Economists are predicting that fourth-quarter GDP growth will be well above Bank Indonesia’s forecast due to strong domestic consumption and a rebound in exports.
A Jakarta Globe survey of economists at six local banks and research institutes found an average forecast of 5.2 percent for year-on-year fourth-quarter GDP growth, and 4.47 percent for full-year growth. This compares to a Bank Indonesia forecast, made at the beginning of 2009, of 4.4 percent fourth-quarter growth and 4.2 percent full-year growth.
Most of the economists surveyed forecast fourth-quarter growth of around 5 percent and full-year growth of around 4.4 percent. However, the state-run Danareksa Research Institute was by far the most optimistic, with a 6.1 percent quarterly prediction and a 4.7 percent full-year forecast.
The Central Statistics Agency (BPS) will release fourth-quarter numbers this week.
PT Bank Danamon economist Helmi Arman said the probable jump in full-year growth might surprise some investors and lead to speculation about rate hikes, thereby affecting bond prices.
Eric Alexander Sugandi, an economist at Standard Chartered Bank Indonesia, said Indonesia would likely post the third-highest GDP rate among the Group of 20 countries in 2009, behind only China and India.
“Strong domestic demand was the key factor that shielded Indonesia from the global economic recession in 2009,” Eric said.
Helmi said several indicators, including money supply and car sales, showed that consumer purchasing power was improving.
Auto sales are still well below pre-crisis levels, but sales of passenger cars rose 10 percent year-on-year in December, having rebounded 50 percent from their low in January 2009. Sales of commercial vehicles have rebounded by 60 percent from their low in February 2009.
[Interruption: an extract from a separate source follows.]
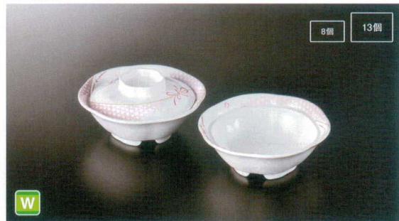
★M-427FOC 煮物碗(身)(福結) 136×47 65 190cc ¥1,430 ★M-428FOCS 煮物碗(蓋)(福結) 111×32 ¥890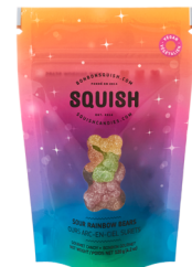
Ours arc-en-ciel végétales

“We also expect real [non-service] sector investments to have accelerated in the fourth quarter of 2009,” Helmi said.
“Construction activity probably grew faster, as indicated by rising cement-consumption growth of 18 percent in the fourth quarter, which comes amid a recovery in property loans on the back of lower interest rates and a late-coming rainy season,” he said.
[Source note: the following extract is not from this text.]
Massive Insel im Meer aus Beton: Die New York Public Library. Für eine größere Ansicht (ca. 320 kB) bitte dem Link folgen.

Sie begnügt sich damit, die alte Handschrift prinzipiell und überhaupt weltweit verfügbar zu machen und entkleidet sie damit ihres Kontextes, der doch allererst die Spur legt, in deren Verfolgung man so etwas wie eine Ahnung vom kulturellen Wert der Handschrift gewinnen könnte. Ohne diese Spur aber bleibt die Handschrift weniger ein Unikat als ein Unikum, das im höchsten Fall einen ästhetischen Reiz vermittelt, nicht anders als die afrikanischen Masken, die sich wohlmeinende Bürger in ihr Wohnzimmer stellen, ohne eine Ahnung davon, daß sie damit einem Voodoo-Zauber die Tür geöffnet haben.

Capital goods imports, a key investment indicator, have been rising steadily, although the fourth-quarter figure was down by 5 percent year-on-year.
“Over the year we saw a rise in imports of aircraft and ships for the transportation industry to replenish fleets and prepare for cabotage restrictions, which managed to counterbalance the softening in heavy equipment imports for mining and plantations,” Helmi said.
Purbaya Yudhi Sadewa, chief economist at the state-run Danareksa Research Institute, said the rebound in exports late in the year would boost growth.
Indonesian exports hit an all-time monthly high of $13.3 billion in December as commodity prices rose in line with the global economic recovery, the BPS said on Feb. 1.
Exports in December jumped 23.9 percent from November and a dramatic 49.8 percent from December 2008.
However, full-year 2009 exports still fell 15 percent to $116.5 billion.
Given that the global and Indonesian economies were now in recovery mode, Indonesia’s GDP is expected to grow by 5.5 percent in 2010 and 6.5 percent in 2011, Eric said.